Изменить стиль страницы

Анастасия повела меня на кухню и возле заполненной, взявшейся мелким, низкорослым парком ванной начала меня раздевать. Я в ужасе замер, парализованный ее уверенностью.

— Ты, Вениамин, не удивляйся. Я тебя вымою. Просто вымою, как котенка. В дороге ты навалялся по разным углам. Вот я тебя и вымою. Для чистых простыней.

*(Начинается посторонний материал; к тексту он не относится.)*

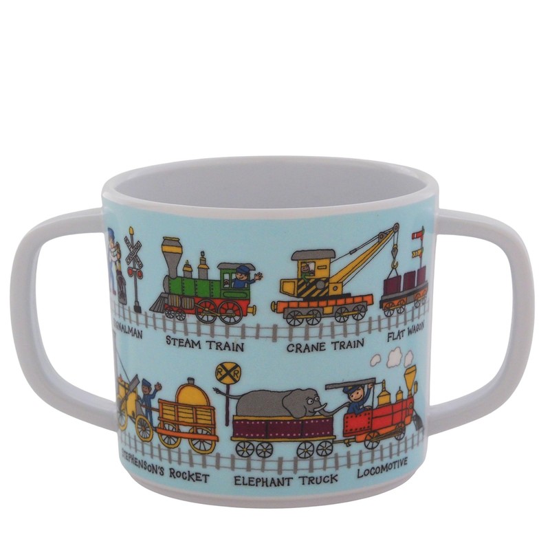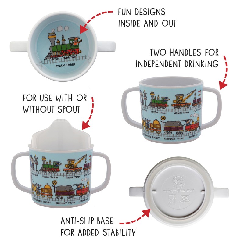 Two-handled toddler sippy cup in Trains print. The cup has a lid with a small spout to make it easy for little ones to drink from. The lid can then be removed when they are ready to transition to an open cup. The two handles make it easier for toddlers to hold and encourage independent drinking. The anti-slip base helps to prevent accidental spillages on smooth surfaces such as high-chair trays. Features a colourful character on the interior base.
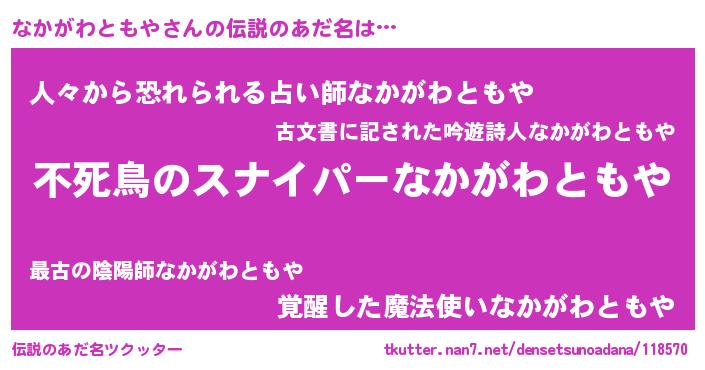 | 胡散臭い通販商品みたいなあだ名 | 『モテモテ間違いなし霊験あらたかなお札…その名も「なかがわともや」』 |
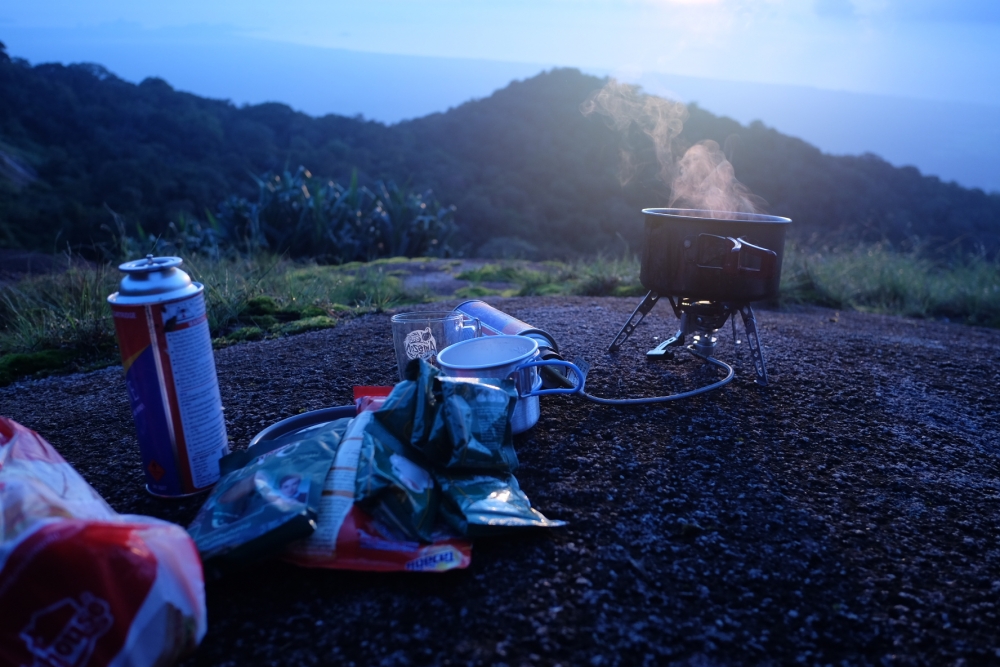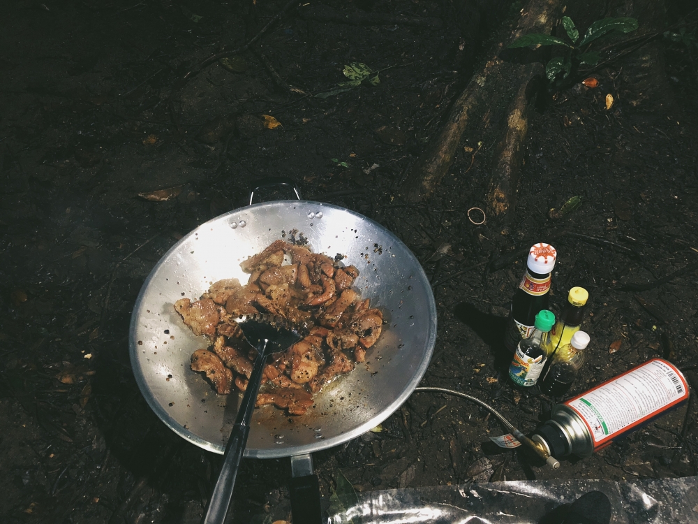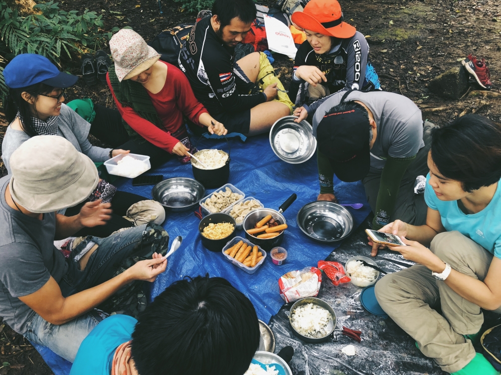 หลังกางเต้นท์เสร็จ ก็มาเตรียมสเบียงกัน มื้อเย็น หลังจากเหน็ดเหนื่อย ต้องอิ่มไว้ก่อน
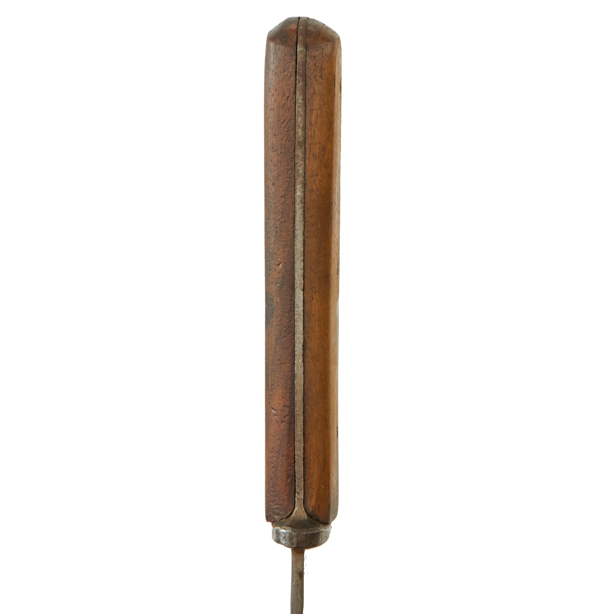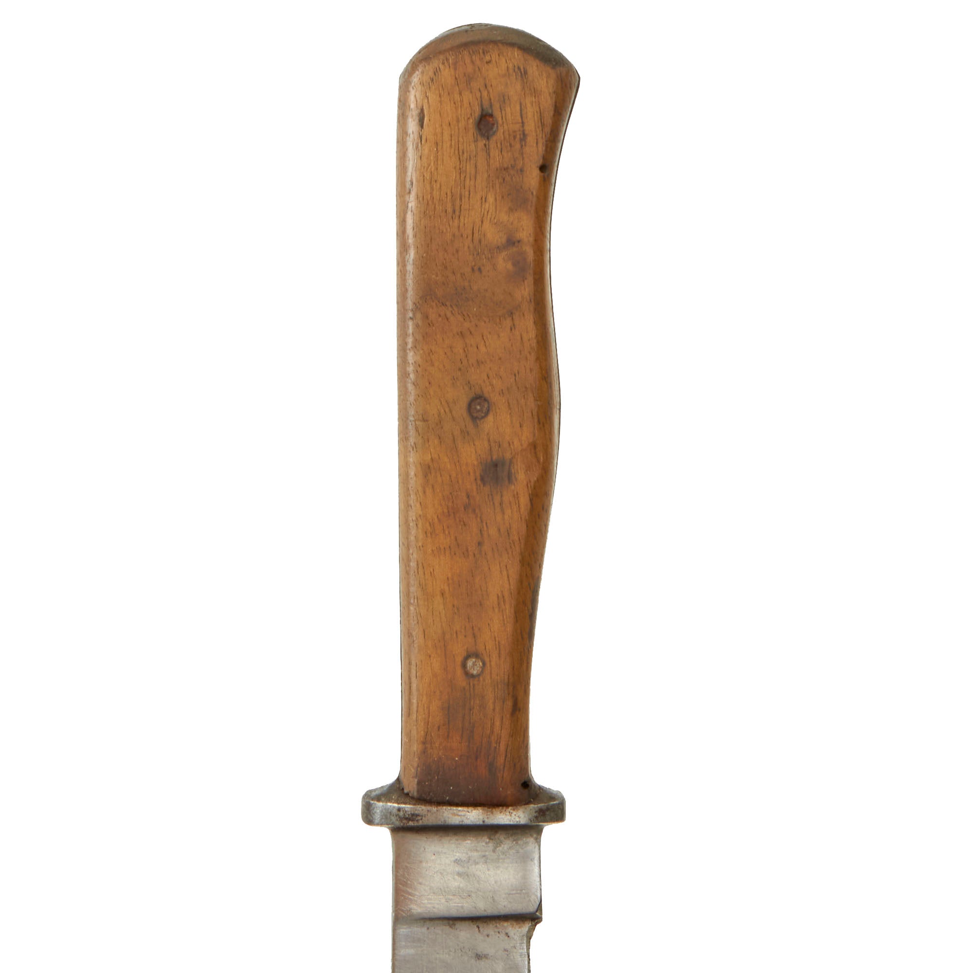 In good service used condition, this knife has a smooth wooden grip secured by three rivets. Grip scales are in very good condition, with no cracks or chips, and a nice color with some light staining. The blade is full length on the bottom of the blade, while the top has a false edge, which has correctly not been sharpened. The main edge however has been sharpened multiple times, changing the shape somewhat and reducing the blade length. Overall length is now 10 inches with a 5 ⅝ inch blade. No markings are present on the ricasso, which is typical, and the cross guard has had the sides removed, so would provide minimal protection.
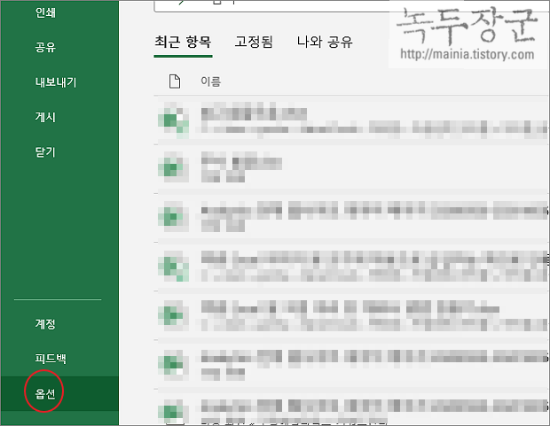 ▼ 엑셀의 파일 탭 > 옵션 메뉴를 선택합니다.
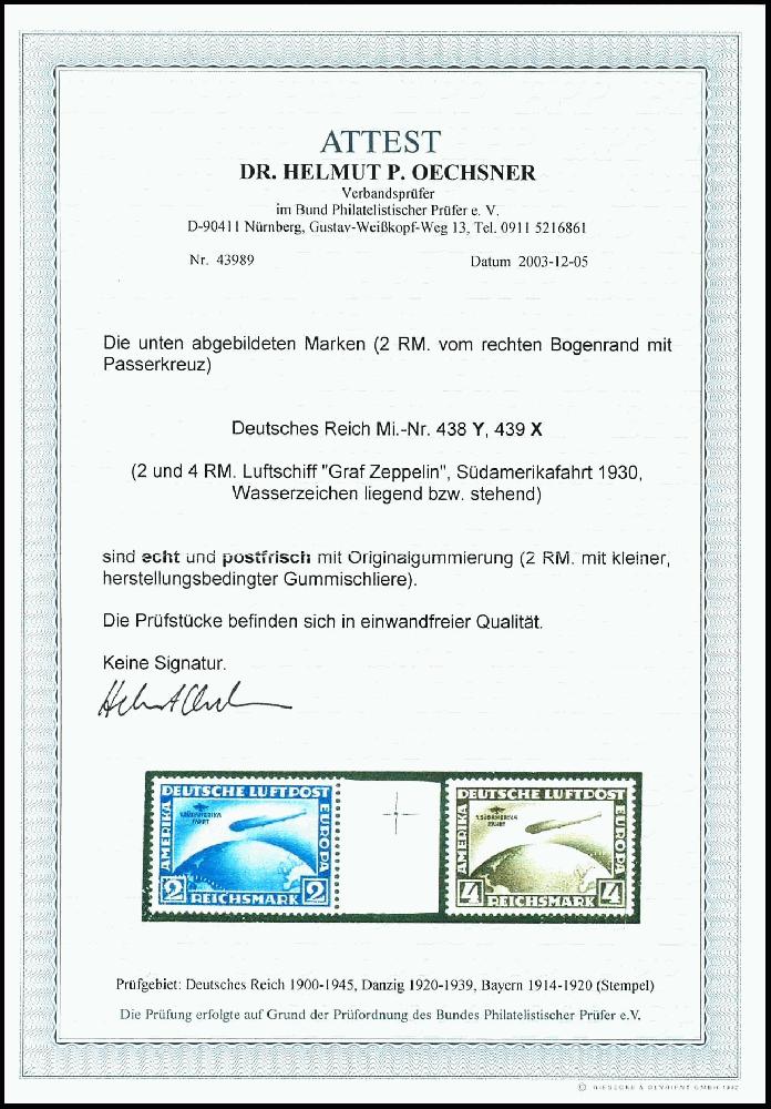 | Zusatzinformationen und Suchstichworte: | Dr. Reinhard Fischer 188. Auktion 1. - 3. September 2022 Los 2240 Deutsches Reich, 1923/32 Weimarer Republik 2 und 4 M. Südamerikafahrt, 2 m. vom rechten Bogenrand und mit kleiner, herstellungsbedingter Gummischliere, postfrisch, Fotoattest Dr. Oechsner BPP, Mi. 3500,-, ex Sammlung Höffen Ausruf 800,00 EUR |
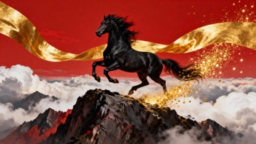 黑骏马踏云凌空,鎏金飘带与粒子飞舞。
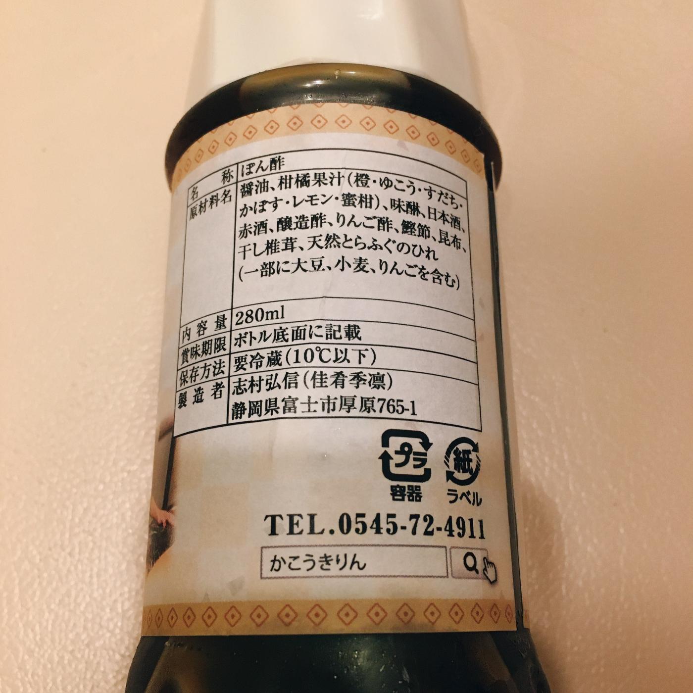 ポン酢を買う時は、すだちなどの搾りかす(?)が沈殿しているような、柑橘類の強いものが好きな私としては、本当に好きなぽん酢でした。
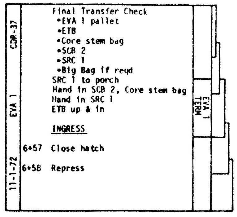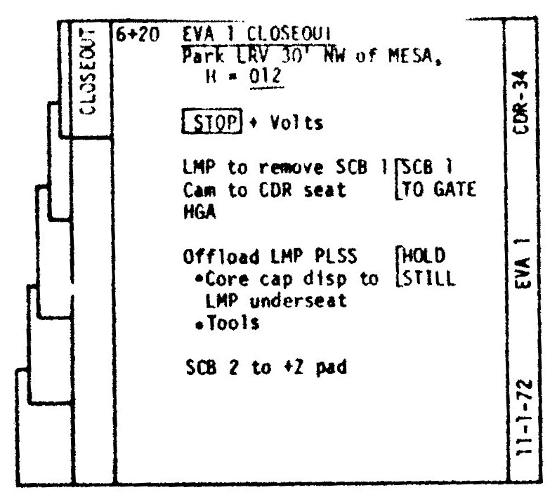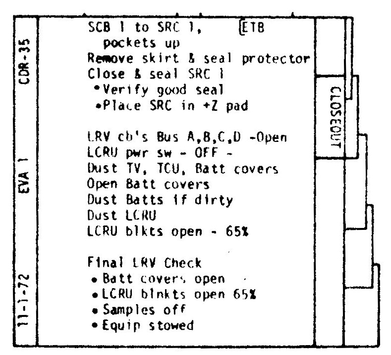 [Fendell pans to Jack, who is at his Rover seat. After all the samples are transferred to SCB-1, Gene will put it in the SRC.]123:20:05 Cernan: (To himself) Okay; let's see, (scanning checklist pages CDR-34 and ) off-load LM(P) PLSS, core cap dispenser, tools. (To Jack) Okay, as soon as you get that, I'll take that SCB-1 from you, and I'll close SRC-1.
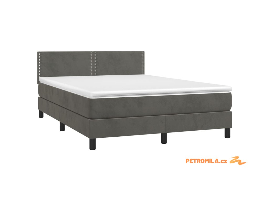 Box spring postel s matrací a LED tmavě šedá 140x190 cm samet
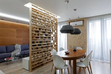 Ideja za uređenje doma: pregrada od letvica razdvaja trpezariju i kuhinju od dnevnog boravka
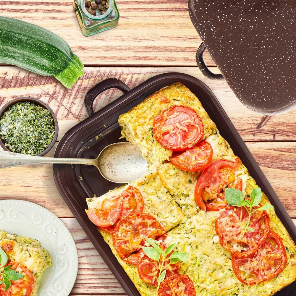 Tento robustný smaltovaný pekáč v elegantnej hnedej farbe ponúka univerzálne použitie v každej kuchyni. Vďaka veku s úchytmi získate po jeho zložení dve samostatné zapekacie a servírovacie nádoby. Smaltovaný povrch je zdravotne nezávadný a vhodný aj pre alergikov, zároveň sa ľahko udržiava a pokrmy sa menej prichytávajú.
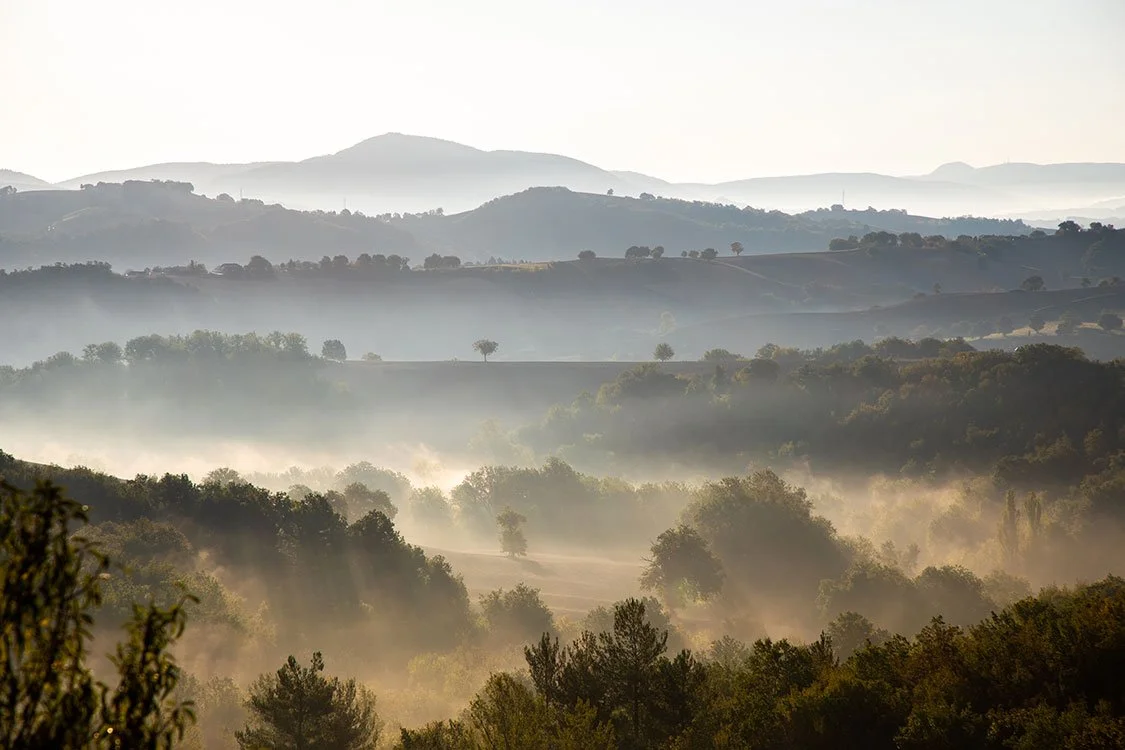 Morgens steigt vorsichtig der erste Nebel aus dem Flusstal hoch,
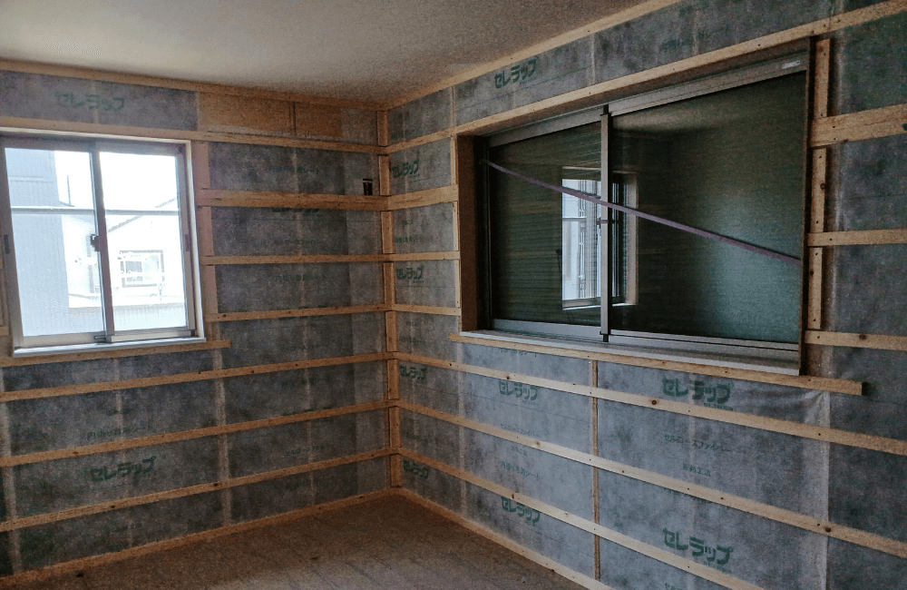 外壁と室内の間に空間を造り、そこに「セルロースファイバー」を吹き込みます。空間を造るために、専用シートを張った様子がこちら↓
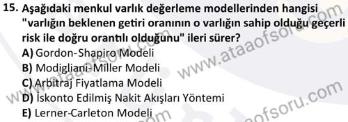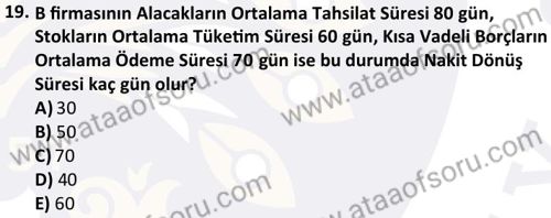 İşletme Finansmanı Dersi 2025-2026 Güz Dönemi Final Sınavı Çıkmış Sınav Soruları ve Çözümleri
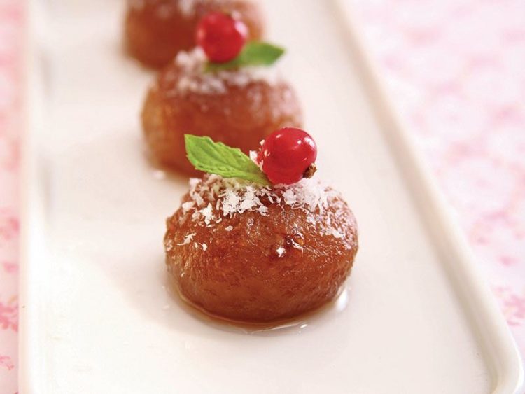 16. İyice yumuşadıktan sonra delikli bir kepçeyle tatlıyı içinden alıp servis tabaklarına paylaştırın..
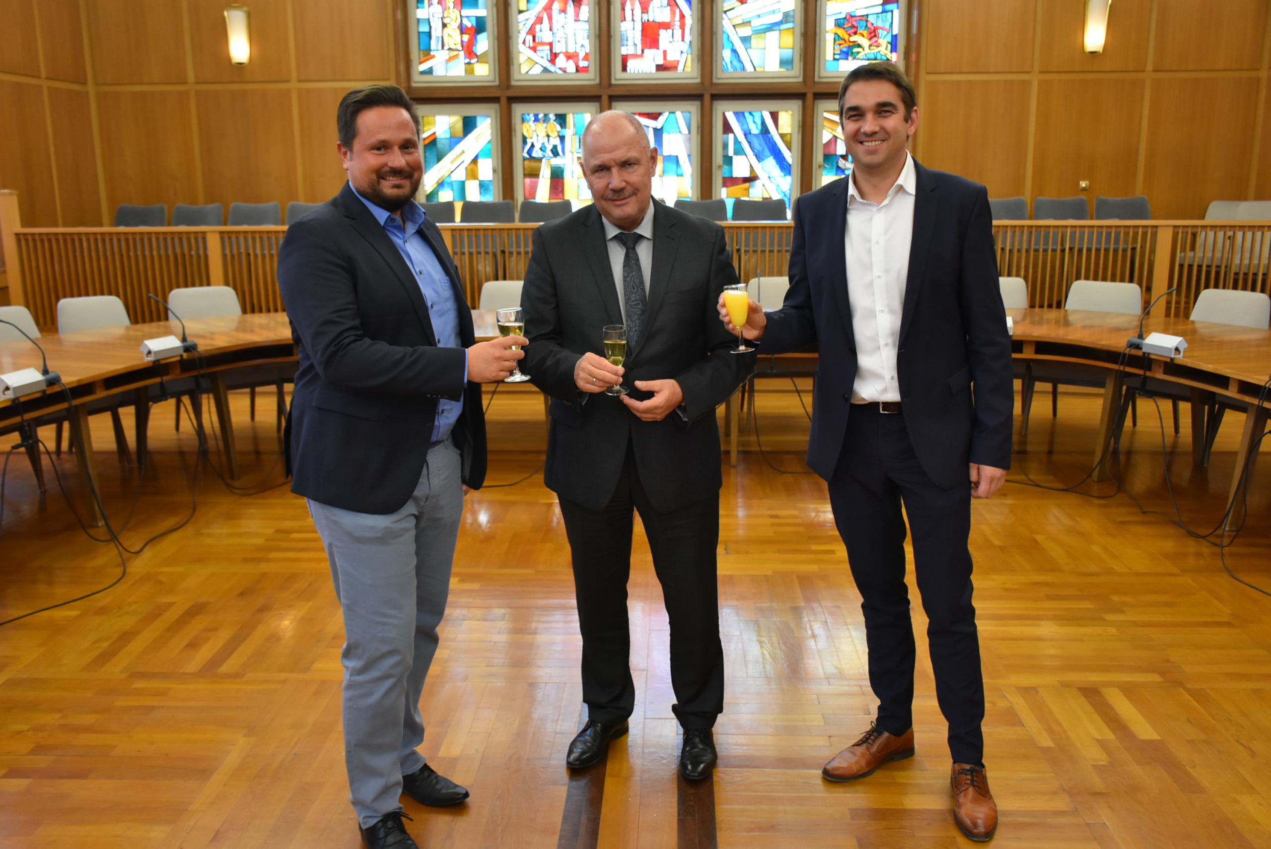 Bild zur Vergrößerung bitte anklicken: Stadtentwicklungsdezernent Timo Horst (v.r.n.l.), Oberbürgermeister Adolf Kessel stoßen mit dem Geschäftsführer von ehret+klein, Michael Baureis, auf die Zusammenarbeit für das Licht-Luftbad-Quartier an. Quelle Stadt Worms.

— Не говори…те глупости, Анастасия! Что я сам, что ли, не смогу помыться?

— Сможешь. Только я тебя… ну как мама, понимаешь? Ты небось забыл, как мама тебя мыла? Вот я и напомню. Спасибо потом скажешь. Я и мужа своего мою. Да, забыла тебе сказать. Я ведь к мужу своему ездила на Восток. Он у меня срок отбывает. Навещала. Я к нему часто езжу. Иногда издали рукой махну — и назад. Иногда свидание разрешают.

— Он… что же у вас?..

— Человека зарезал.

— Как?!

— По глупости. Да и не до смерти. Горячий больно. Вот и схлопотал. Один пижон курортный не так на меня посмотрел в Гаграх. Муж у меня кавказец, с гор, дикий. А главное — молодой очень. Моложе меня. Я его два раза в неделю мыла. Вот в этой ванной. Знала бы — каждый день мыла из рук бы не выпускала.

— Ну вот что. Если желаешь, чтобы я помылся, — закрой дверь. С другой стороны.

— Как хочешь, дурачок.

Приняв ванну, размякнув и осоловев, решил я тут же, безо всякого чаепития, зарыться под одеялом в мягкую бескрайнюю тахту и благодарно уснуть. Не тут-то было. Чай, ароматный, на каких-то травках восточных, из дорогой фарфоровой чашечки влила в меня Анастасия так нежно, так вкрадчиво — попробуй откажись. «Да и то, — решил я, „на лету“ засыпая, — от мытья отстранил чудачку, так уж пусть чаем своим руководит, кейфует». После чая, со слипшимися глазами, понесло меня к тахте, в сон, и тут — новый поворот: Анастасия меня, вместо тахты, на раскладушку кидает! Правда, перед этим на раскладушку пуховик кладет, белье чистое, от крахмала потрескивающее, стелит. Падая в раскладушку, успеваю подумать: «Чего это она? Вот чокнутая. Мыть собиралась, а на мужнину тахту не положила».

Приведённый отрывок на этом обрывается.